Exercise requirements.
When you copy the data, keep every line exactly as written and skip the pictures.

START Records for processing

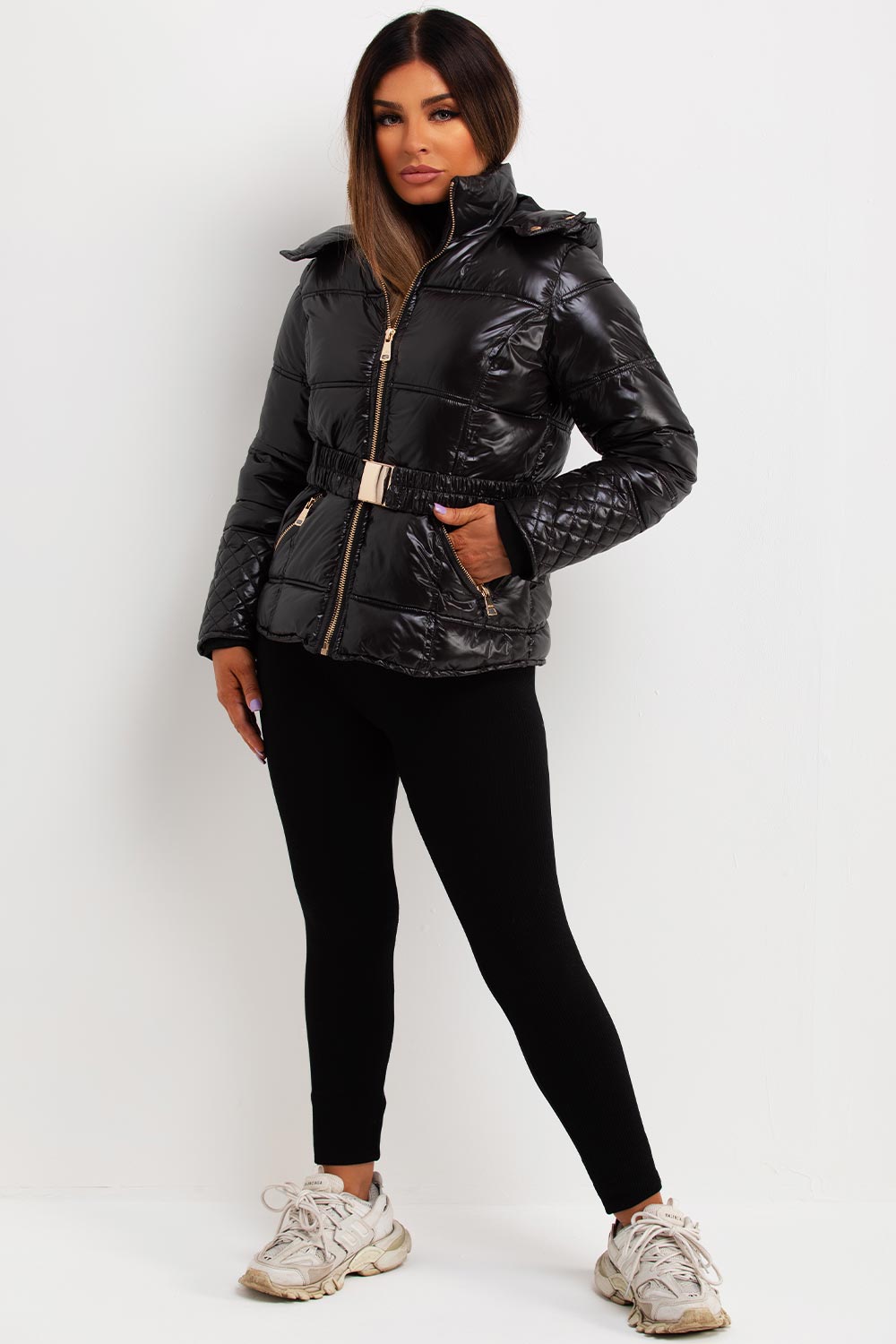Shiny puffer jacket. This puffer jacket is sure to keep your outerwear game on point. This black puffer jacket features soft shiny fabric padded puffer quilted style hood and waist belt pockets weather resistant and wind proof. Perfect new season hooded jacket. Style this puffer jacket with matching outfit to complete the look we are loving.
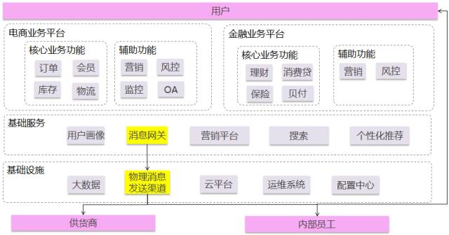 下面介绍一下消息网关在唯品会整体系统中的定位。如图1所示,消息网关定位于基础业务服务层,而物理信道定位在基础设施层,两者之间明确的区分了是否业务相关。
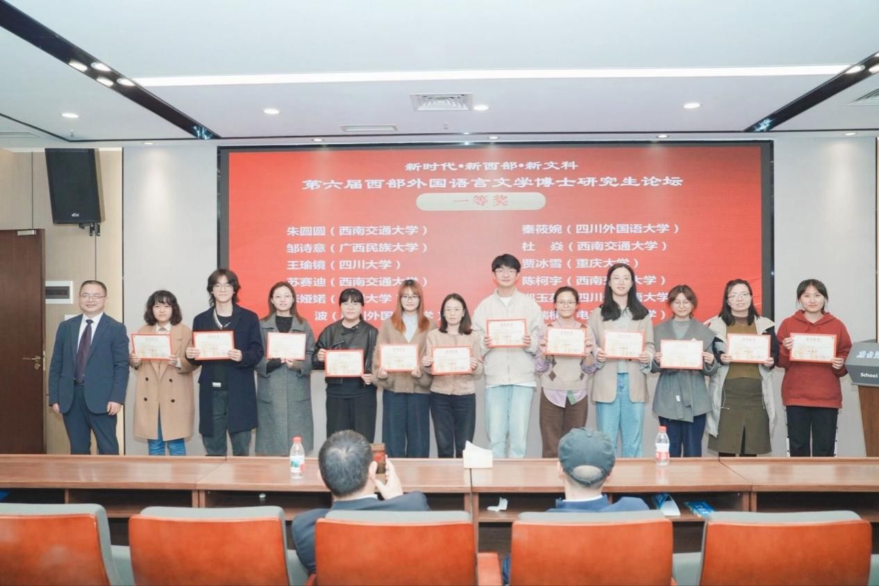 11月1日,由西部高等院校外语教育教学联盟主办、西南交通大学外国语学院承办的“第六届西部外国语言文学博士研究生论坛”在西南交通大学犀浦校区落幕。本届论坛以“跨学科与外国语言文学研究的范式转型与方法创新”为主题,设主旨报告和平行论坛两大板块,共吸引来自西部12个省区市31所高校及科研机构的200余位专家学者、博士研究生参会。我院张跃军教授率博士生团队一行五人赴蓉,与西部高校的同行深入交流。
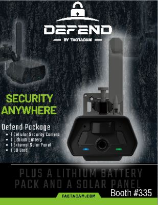 Tactacam has donated the Defend Package, a robust cellular security solution designed for outdoor surveillance and property protection whenever you need it and wherever you need it. This comprehensive package features the Defend Cellular Security Camera, which offers remote monitoring capabilities and real-time alerts. No wifi or wall power needed. The package also includes a Lithium Battery Cartridge for long-lasting power, a Defend Solar Panel for sustainable energy, and an SD Card for local storage of captured footage. This combination of advanced technology and essential accessories provides users with a reliable, easy-to-deploy security system for various outdoor applications to provide protection to what’s important to them. Whether that’s their home, RV, Boat, Construction Site, or Farm, Defend is the solution to all security needs. The Defend Package showcases Tactacam’s commitment to innovative outdoor solutions, offering peace of mind through cutting-edge cellular technology. For more information, please contact Mersadie Gibson at mgibson@tactacam.com or visit www.tactacam.com
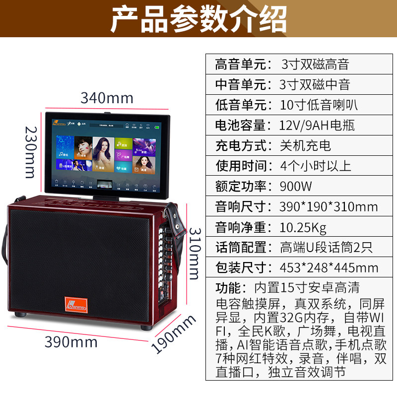 Danmark new K910A outdoor karaoke portable K song jukebox family KTV audio set high power bass square dance video Bluetooth speaker with display screen
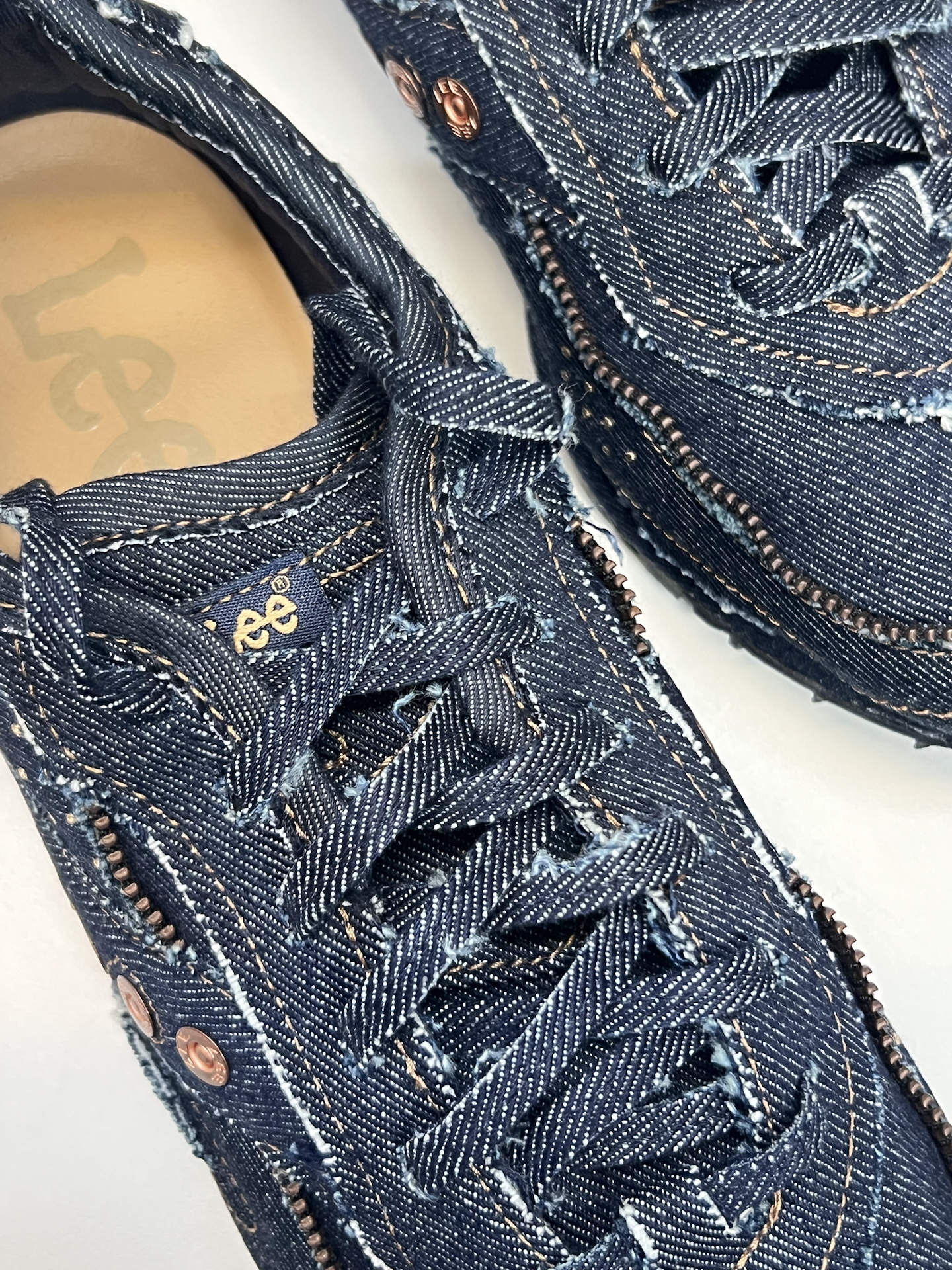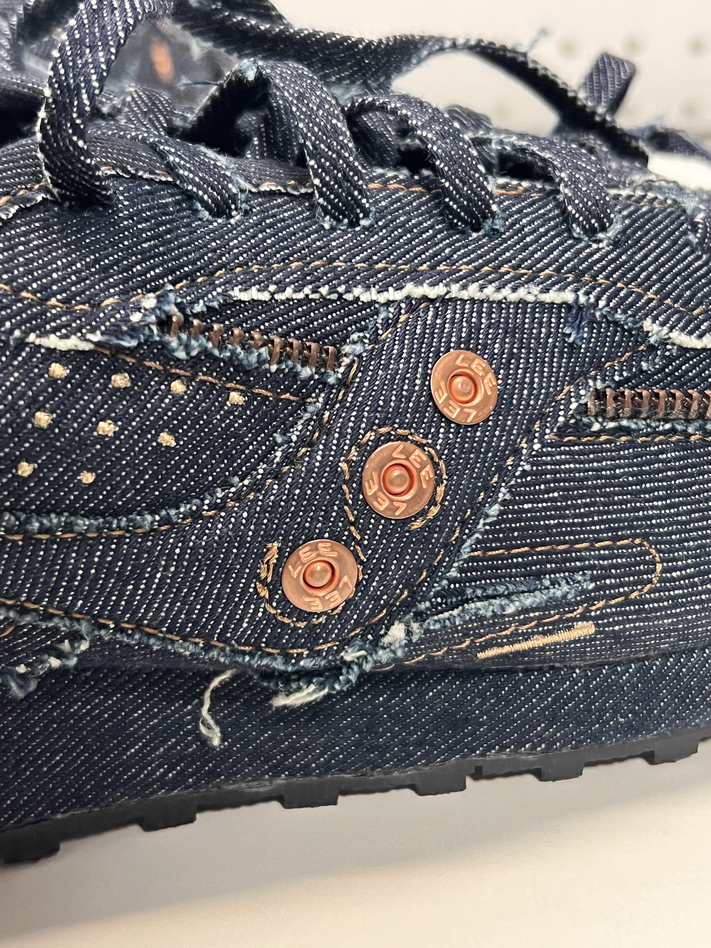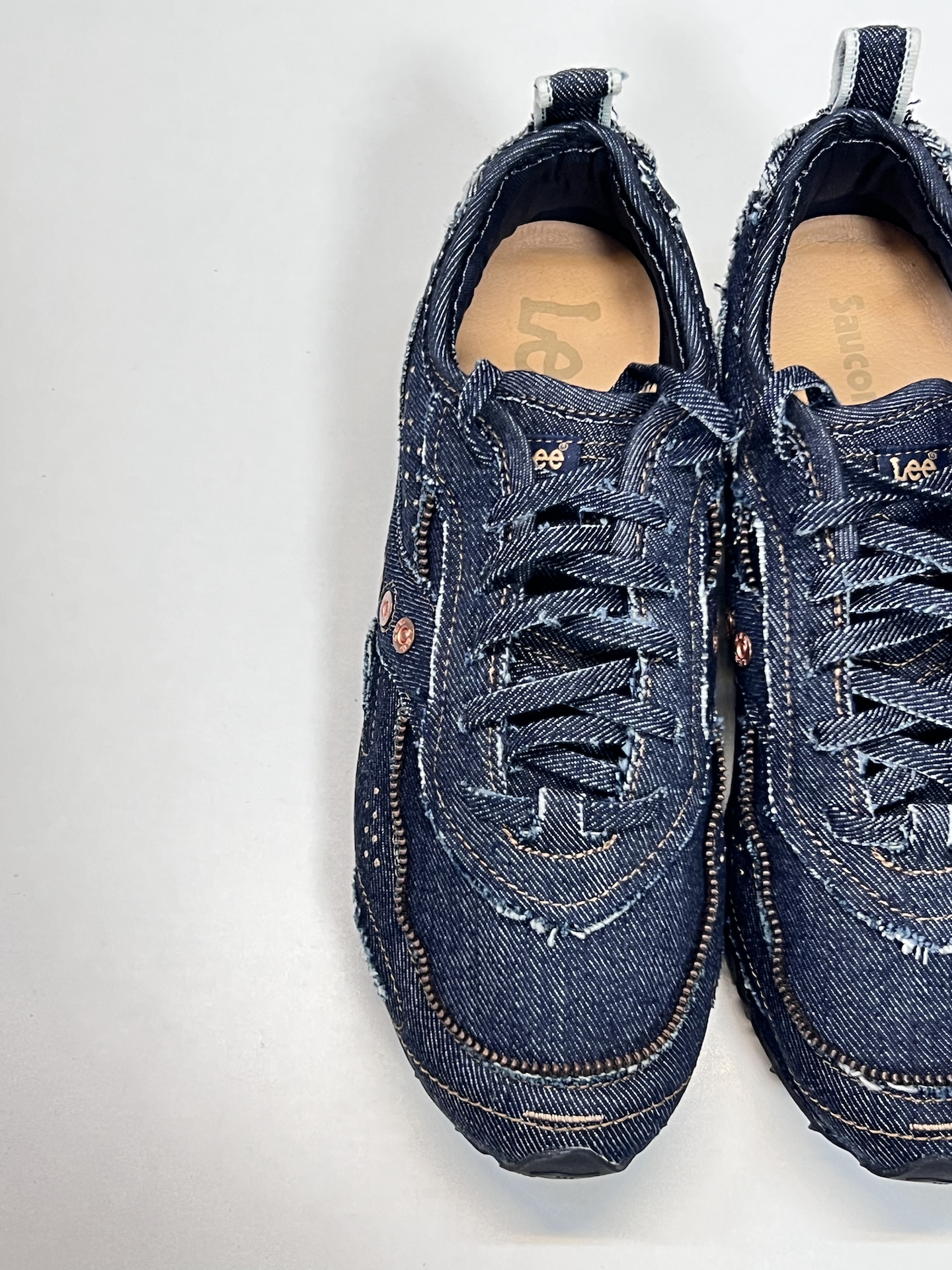 谁懂啊家人们😎!我挖到索康尼和Lee联名跑鞋,全牛仔布鞋面+黄铜拉链,还有磨白设计,复古感直接拉满~不过trainer 80鞋型得买大一码,我一开始没注意就踩雷啦,宝子们别学我🥹!

END Records for processing

Task answer.
Shiny puffer jacket. This puffer jacket is sure to keep your outerwear game on point. This black puffer jacket features soft shiny fabric padded puffer quilted style hood and waist belt pockets weather resistant and wind proof. Perfect new season hooded jacket. Style this puffer jacket with matching outfit to complete the look we are loving.
 下面介绍一下消息网关在唯品会整体系统中的定位。如图1所示,消息网关定位于基础业务服务层,而物理信道定位在基础设施层,两者之间明确的区分了是否业务相关。
 11月1日,由西部高等院校外语教育教学联盟主办、西南交通大学外国语学院承办的“第六届西部外国语言文学博士研究生论坛”在西南交通大学犀浦校区落幕。本届论坛以“跨学科与外国语言文学研究的范式转型与方法创新”为主题,设主旨报告和平行论坛两大板块,共吸引来自西部12个省区市31所高校及科研机构的200余位专家学者、博士研究生参会。我院张跃军教授率博士生团队一行五人赴蓉,与西部高校的同行深入交流。
 Tactacam has donated the Defend Package, a robust cellular security solution designed for outdoor surveillance and property protection whenever you need it and wherever you need it. This comprehensive package features the Defend Cellular Security Camera, which offers remote monitoring capabilities and real-time alerts. No wifi or wall power needed. The package also includes a Lithium Battery Cartridge for long-lasting power, a Defend Solar Panel for sustainable energy, and an SD Card for local storage of captured footage. This combination of advanced technology and essential accessories provides users with a reliable, easy-to-deploy security system for various outdoor applications to provide protection to what’s important to them. Whether that’s their home, RV, Boat, Construction Site, or Farm, Defend is the solution to all security needs. The Defend Package showcases Tactacam’s commitment to innovative outdoor solutions, offering peace of mind through cutting-edge cellular technology. For more information, please contact Mersadie Gibson at mgibson@tactacam.com or visit www.tactacam.com
 Danmark new K910A outdoor karaoke portable K song jukebox family KTV audio set high power bass square dance video Bluetooth speaker with display screen
 谁懂啊家人们😎!我挖到索康尼和Lee联名跑鞋,全牛仔布鞋面+黄铜拉链,还有磨白设计,复古感直接拉满~不过trainer 80鞋型得买大一码,我一开始没注意就踩雷啦,宝子们别学我🥹!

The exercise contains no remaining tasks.